Exercise details: Below are the records; give again exactly the line with "Zirkon Taşlı Gümüş", the line with "The Poulos triplets", and each line that lies between them, and nothing besides.

Material for the task:

++++++++++

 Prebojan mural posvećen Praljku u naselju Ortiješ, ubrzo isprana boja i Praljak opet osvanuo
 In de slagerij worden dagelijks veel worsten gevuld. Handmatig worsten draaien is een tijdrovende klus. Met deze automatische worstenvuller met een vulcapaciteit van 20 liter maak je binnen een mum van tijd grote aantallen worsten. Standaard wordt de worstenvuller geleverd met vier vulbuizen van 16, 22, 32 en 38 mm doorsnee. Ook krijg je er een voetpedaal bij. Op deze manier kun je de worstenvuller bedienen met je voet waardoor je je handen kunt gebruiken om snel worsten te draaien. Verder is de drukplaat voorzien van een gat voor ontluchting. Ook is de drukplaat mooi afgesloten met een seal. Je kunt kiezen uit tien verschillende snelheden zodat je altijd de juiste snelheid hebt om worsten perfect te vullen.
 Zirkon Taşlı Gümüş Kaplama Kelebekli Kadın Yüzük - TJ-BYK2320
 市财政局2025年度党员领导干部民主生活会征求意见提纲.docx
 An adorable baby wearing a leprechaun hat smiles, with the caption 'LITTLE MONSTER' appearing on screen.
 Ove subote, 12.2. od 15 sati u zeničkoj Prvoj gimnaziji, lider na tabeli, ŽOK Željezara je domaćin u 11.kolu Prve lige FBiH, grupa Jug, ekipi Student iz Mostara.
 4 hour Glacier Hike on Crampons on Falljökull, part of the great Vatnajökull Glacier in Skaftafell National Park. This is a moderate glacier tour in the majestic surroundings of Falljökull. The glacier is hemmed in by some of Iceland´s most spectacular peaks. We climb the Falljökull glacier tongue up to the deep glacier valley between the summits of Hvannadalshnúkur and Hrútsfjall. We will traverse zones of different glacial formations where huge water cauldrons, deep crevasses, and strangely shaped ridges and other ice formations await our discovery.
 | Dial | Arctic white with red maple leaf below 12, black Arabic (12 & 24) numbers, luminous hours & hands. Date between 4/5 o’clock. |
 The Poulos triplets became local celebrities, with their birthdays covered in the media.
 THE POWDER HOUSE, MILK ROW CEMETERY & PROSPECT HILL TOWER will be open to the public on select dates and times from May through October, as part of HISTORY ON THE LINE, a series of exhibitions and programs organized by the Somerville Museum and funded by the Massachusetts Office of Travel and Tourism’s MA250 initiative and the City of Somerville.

++++++++++

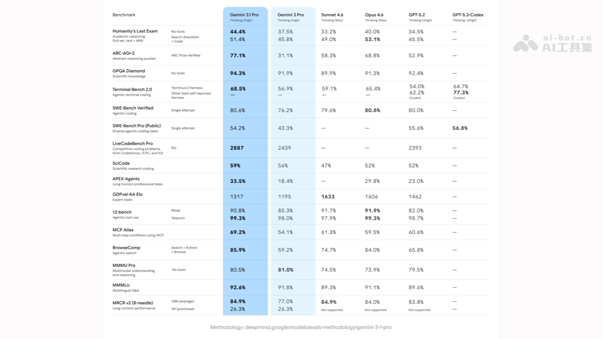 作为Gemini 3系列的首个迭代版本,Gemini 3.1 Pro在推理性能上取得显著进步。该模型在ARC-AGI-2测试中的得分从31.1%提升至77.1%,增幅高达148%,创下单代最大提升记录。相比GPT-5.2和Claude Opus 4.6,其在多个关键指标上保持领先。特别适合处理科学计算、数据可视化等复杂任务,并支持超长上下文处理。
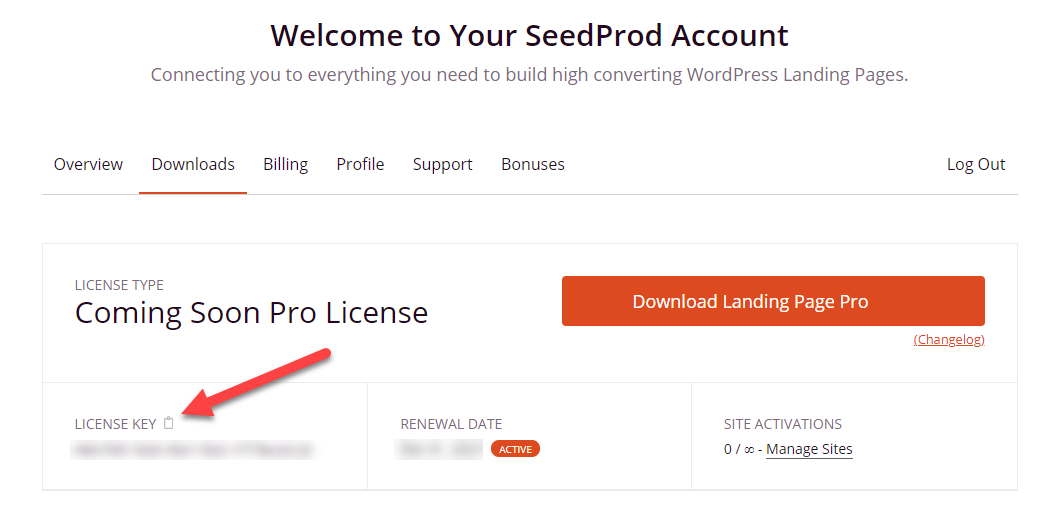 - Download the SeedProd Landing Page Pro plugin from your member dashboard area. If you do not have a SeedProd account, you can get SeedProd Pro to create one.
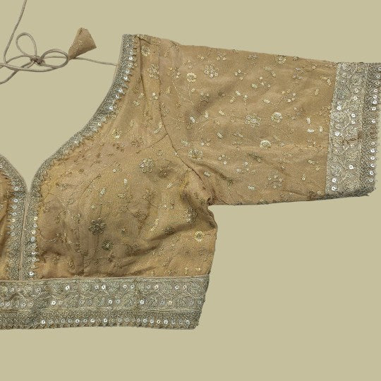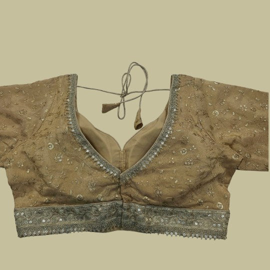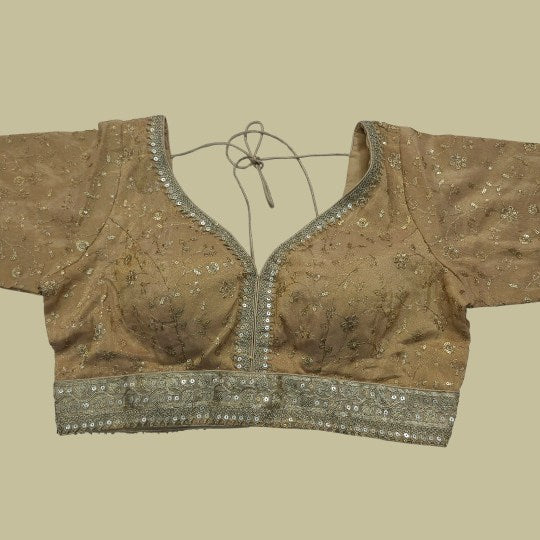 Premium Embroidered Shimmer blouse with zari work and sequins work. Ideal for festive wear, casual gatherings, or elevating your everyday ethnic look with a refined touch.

++++++++++

Task response:
 Zirkon Taşlı Gümüş Kaplama Kelebekli Kadın Yüzük - TJ-BYK2320
 市财政局2025年度党员领导干部民主生活会征求意见提纲.docx
 An adorable baby wearing a leprechaun hat smiles, with the caption 'LITTLE MONSTER' appearing on screen.
 Ove subote, 12.2. od 15 sati u zeničkoj Prvoj gimnaziji, lider na tabeli, ŽOK Željezara je domaćin u 11.kolu Prve lige FBiH, grupa Jug, ekipi Student iz Mostara.
 4 hour Glacier Hike on Crampons on Falljökull, part of the great Vatnajökull Glacier in Skaftafell National Park. This is a moderate glacier tour in the majestic surroundings of Falljökull. The glacier is hemmed in by some of Iceland´s most spectacular peaks. We climb the Falljökull glacier tongue up to the deep glacier valley between the summits of Hvannadalshnúkur and Hrútsfjall. We will traverse zones of different glacial formations where huge water cauldrons, deep crevasses, and strangely shaped ridges and other ice formations await our discovery.
 | Dial | Arctic white with red maple leaf below 12, black Arabic (12 & 24) numbers, luminous hours & hands. Date between 4/5 o’clock. |
 The Poulos triplets became local celebrities, with their birthdays covered in the media.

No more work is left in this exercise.